Football Travel Guides

Your guide to watching games abroad

Japan

Japan

THE FOOTBALL

FC Tokyo and Tokyo Verdy 1969 both play at the Ajinomoto Stadium in the suburb of Chofu, a good 40 minutes from the city centre by train.

Several clubs have used the National Stadium throughout the season (including, at times, Tokyo Verdy) but this is usually due to fixture congestion and stadium capacity constraints.

Average J-League attendances touch 30,000 these days, but that’s well short of capacity so getting tickets shouldn’t be a problem.

The same applies to the Yokohama International Stadium, home of the Marinos and venue for the 2002 World Cup Final.

THE PLACE

The Land of the Rising Sun and Mount Fuji is also home to sushi, sumo wrestling and ‘sci-fi supermarkets’ (handy for cheap electrical goods). You can enjoy all three and more within the bright lights of the frenetic capital Tokyo or take the 40-minute train ride to the less claustrophobic Yokohama.

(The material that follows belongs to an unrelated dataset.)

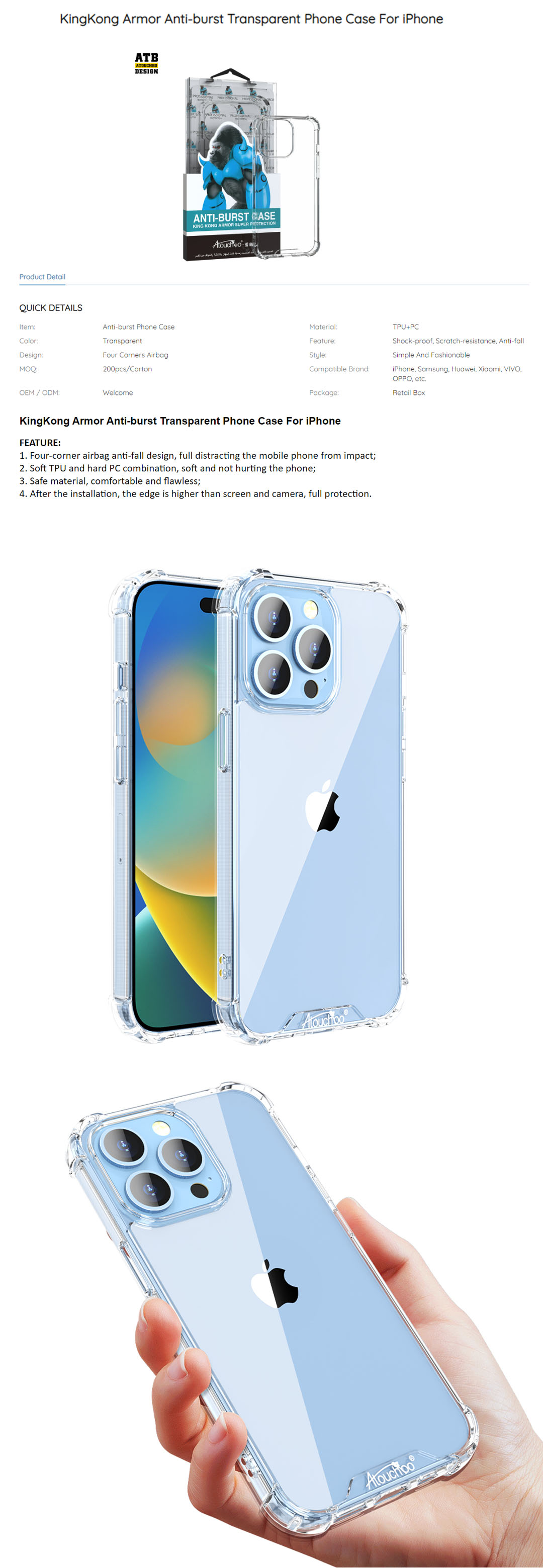 • Four-corner airbag anti-fall design, full distracting the mobile phone from impact;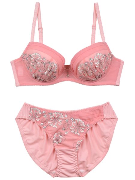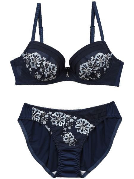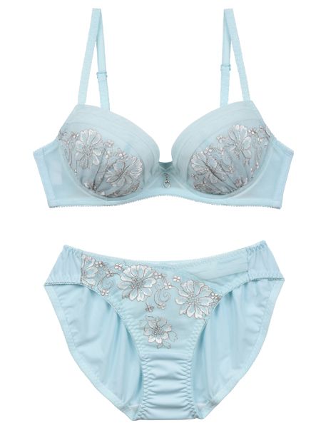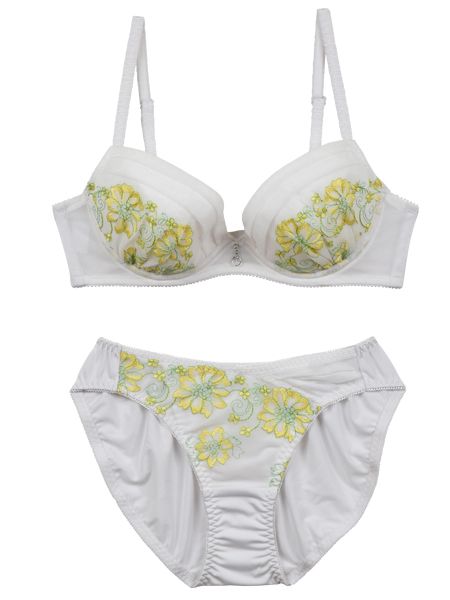 カップとショーツのフロントにあしらわれた刺繍は上品な高級感を漂わせていて、

There you can visit the western-looking suburb of Yamate, have a meal in Japan’s finest, er, Chinatown, walk over the world’s second biggest cable bridge and stare up at Japan’s tallest building, the Landmark Tower.

As England discovered to their cost in 2002, Japan can be uncomfortably hot and humid in mid-summer, but spring and autumn, which bookend the football season, are dry and mild.